**WHAT THE TASK ASKS:**
Keep the images out while you set down the data exactly.
==========
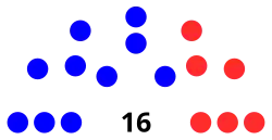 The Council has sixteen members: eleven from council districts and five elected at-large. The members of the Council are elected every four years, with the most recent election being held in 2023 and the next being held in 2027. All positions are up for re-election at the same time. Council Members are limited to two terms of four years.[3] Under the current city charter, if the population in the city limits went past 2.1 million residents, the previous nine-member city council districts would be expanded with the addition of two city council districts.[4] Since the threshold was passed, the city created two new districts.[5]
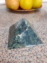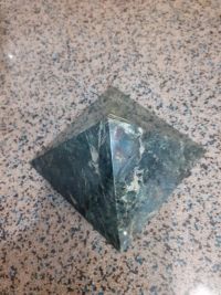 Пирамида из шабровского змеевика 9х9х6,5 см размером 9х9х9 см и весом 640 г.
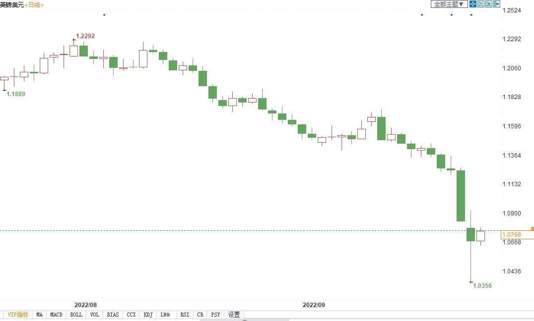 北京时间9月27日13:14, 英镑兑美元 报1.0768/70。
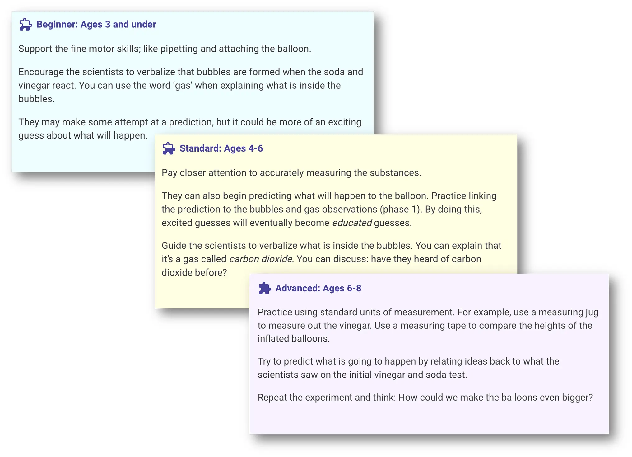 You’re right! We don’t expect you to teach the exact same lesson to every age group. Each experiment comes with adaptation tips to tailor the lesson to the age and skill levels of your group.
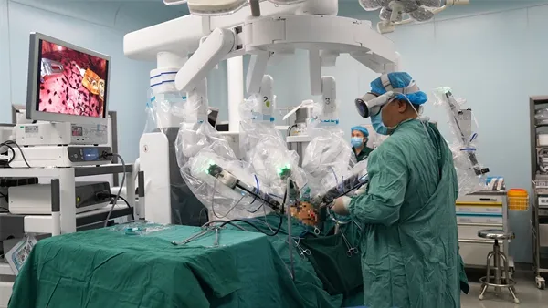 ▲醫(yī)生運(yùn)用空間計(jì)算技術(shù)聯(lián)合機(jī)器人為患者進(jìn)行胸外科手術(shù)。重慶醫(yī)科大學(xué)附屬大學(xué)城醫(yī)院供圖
==========
**RESULT FOR THIS EXERCISE:**
 The Council has sixteen members: eleven from council districts and five elected at-large. The members of the Council are elected every four years, with the most recent election being held in 2023 and the next being held in 2027. All positions are up for re-election at the same time. Council Members are limited to two terms of four years.[3] Under the current city charter, if the population in the city limits went past 2.1 million residents, the previous nine-member city council districts would be expanded with the addition of two city council districts.[4] Since the threshold was passed, the city created two new districts.[5]
 Пирамида из шабровского змеевика 9х9х6,5 см размером 9х9х9 см и весом 640 г.
 北京时间9月27日13:14, 英镑兑美元 报1.0768/70。
 You’re right! We don’t expect you to teach the exact same lesson to every age group. Each experiment comes with adaptation tips to tailor the lesson to the age and skill levels of your group.
 ▲醫(yī)生運(yùn)用空間計(jì)算技術(shù)聯(lián)合機(jī)器人為患者進(jìn)行胸外科手術(shù)。重慶醫(yī)科大學(xué)附屬大學(xué)城醫(yī)院供圖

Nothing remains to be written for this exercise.